TASK STATEMENT:
Please print the entries below exactly, from the line with "Маленькая аккуратная брошь" through the line with "Блок БКВР-212 (3-клавишный", including both of those lines and leaving out all others.

DATASET CONTENT:
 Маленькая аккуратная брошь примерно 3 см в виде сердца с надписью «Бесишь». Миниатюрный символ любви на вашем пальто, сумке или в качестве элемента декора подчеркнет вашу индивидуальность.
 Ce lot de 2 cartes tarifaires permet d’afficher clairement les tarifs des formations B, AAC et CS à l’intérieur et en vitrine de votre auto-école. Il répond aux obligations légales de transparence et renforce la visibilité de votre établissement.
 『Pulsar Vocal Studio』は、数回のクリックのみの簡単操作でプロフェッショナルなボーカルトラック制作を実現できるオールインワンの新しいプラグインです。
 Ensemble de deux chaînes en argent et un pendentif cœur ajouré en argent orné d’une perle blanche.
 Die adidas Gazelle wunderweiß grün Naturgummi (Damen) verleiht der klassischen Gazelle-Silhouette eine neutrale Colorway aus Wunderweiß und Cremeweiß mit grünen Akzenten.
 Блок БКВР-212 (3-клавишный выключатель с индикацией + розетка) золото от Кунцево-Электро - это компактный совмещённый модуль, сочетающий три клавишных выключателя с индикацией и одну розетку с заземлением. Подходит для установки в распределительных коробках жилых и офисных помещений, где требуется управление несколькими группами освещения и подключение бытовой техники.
---
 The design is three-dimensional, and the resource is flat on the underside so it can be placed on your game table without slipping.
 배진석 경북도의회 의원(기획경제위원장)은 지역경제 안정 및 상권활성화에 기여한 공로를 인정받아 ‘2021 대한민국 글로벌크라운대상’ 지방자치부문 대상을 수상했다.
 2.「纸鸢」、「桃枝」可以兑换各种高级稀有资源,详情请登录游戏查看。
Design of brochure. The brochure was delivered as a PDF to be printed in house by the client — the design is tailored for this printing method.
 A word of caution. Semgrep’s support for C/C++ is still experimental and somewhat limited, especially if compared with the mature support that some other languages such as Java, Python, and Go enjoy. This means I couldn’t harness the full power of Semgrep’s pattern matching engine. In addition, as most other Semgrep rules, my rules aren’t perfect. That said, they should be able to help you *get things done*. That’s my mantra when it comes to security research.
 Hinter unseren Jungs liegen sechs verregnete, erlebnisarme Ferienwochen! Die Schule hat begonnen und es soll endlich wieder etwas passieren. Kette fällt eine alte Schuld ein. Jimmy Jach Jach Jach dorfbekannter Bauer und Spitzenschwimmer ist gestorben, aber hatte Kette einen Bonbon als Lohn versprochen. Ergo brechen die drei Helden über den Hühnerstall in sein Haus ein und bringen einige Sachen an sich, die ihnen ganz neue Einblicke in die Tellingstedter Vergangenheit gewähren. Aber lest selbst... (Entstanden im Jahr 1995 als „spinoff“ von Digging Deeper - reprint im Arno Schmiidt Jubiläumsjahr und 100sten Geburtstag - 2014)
...
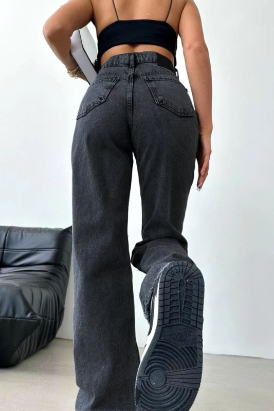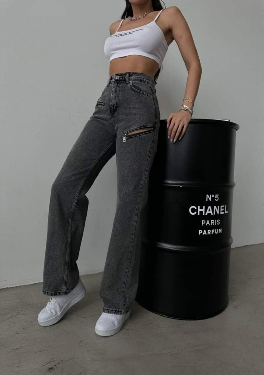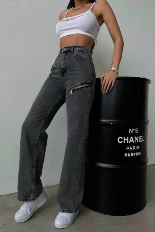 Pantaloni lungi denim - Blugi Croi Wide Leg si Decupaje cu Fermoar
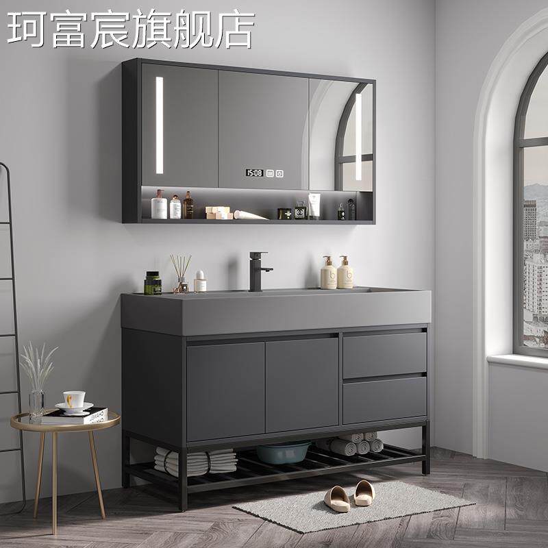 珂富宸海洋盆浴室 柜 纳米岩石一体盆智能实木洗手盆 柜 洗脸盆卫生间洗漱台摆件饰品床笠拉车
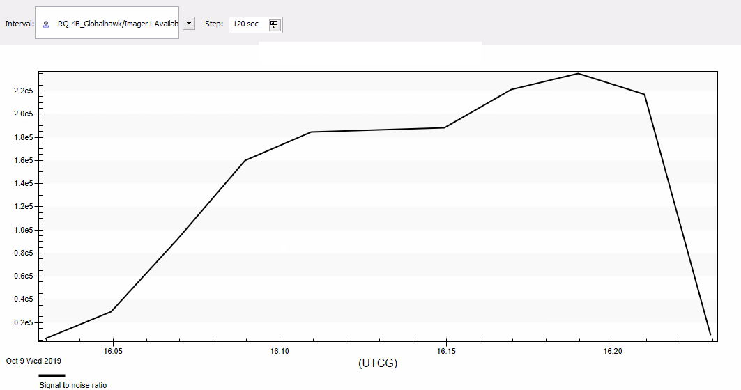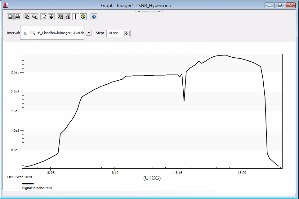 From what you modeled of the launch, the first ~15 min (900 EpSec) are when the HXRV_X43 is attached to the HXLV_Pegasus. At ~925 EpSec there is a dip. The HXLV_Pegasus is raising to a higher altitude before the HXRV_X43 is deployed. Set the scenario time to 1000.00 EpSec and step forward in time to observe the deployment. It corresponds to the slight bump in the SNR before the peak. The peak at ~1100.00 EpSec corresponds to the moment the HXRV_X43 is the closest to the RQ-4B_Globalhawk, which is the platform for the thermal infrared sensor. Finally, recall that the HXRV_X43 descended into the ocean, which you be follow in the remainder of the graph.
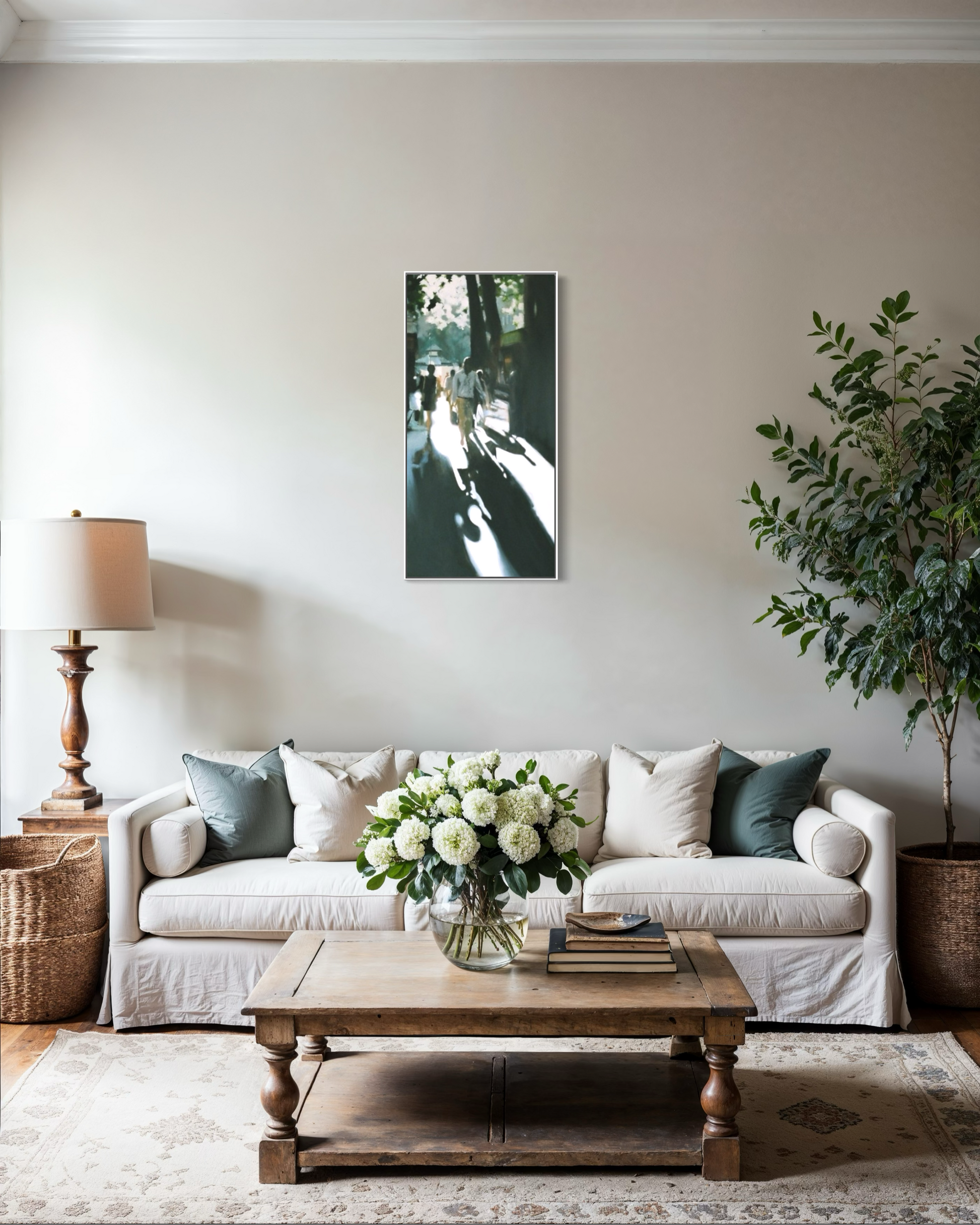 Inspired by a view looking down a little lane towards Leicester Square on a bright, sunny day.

PROBLEM SOLUTION:
 Маленькая аккуратная брошь примерно 3 см в виде сердца с надписью «Бесишь». Миниатюрный символ любви на вашем пальто, сумке или в качестве элемента декора подчеркнет вашу индивидуальность.
 Ce lot de 2 cartes tarifaires permet d’afficher clairement les tarifs des formations B, AAC et CS à l’intérieur et en vitrine de votre auto-école. Il répond aux obligations légales de transparence et renforce la visibilité de votre établissement.
 『Pulsar Vocal Studio』は、数回のクリックのみの簡単操作でプロフェッショナルなボーカルトラック制作を実現できるオールインワンの新しいプラグインです。
 Ensemble de deux chaînes en argent et un pendentif cœur ajouré en argent orné d’une perle blanche.
 Die adidas Gazelle wunderweiß grün Naturgummi (Damen) verleiht der klassischen Gazelle-Silhouette eine neutrale Colorway aus Wunderweiß und Cremeweiß mit grünen Akzenten.
 Блок БКВР-212 (3-клавишный выключатель с индикацией + розетка) золото от Кунцево-Электро - это компактный совмещённый модуль, сочетающий три клавишных выключателя с индикацией и одну розетку с заземлением. Подходит для установки в распределительных коробках жилых и офисных помещений, где требуется управление несколькими группами освещения и подключение бытовой техники.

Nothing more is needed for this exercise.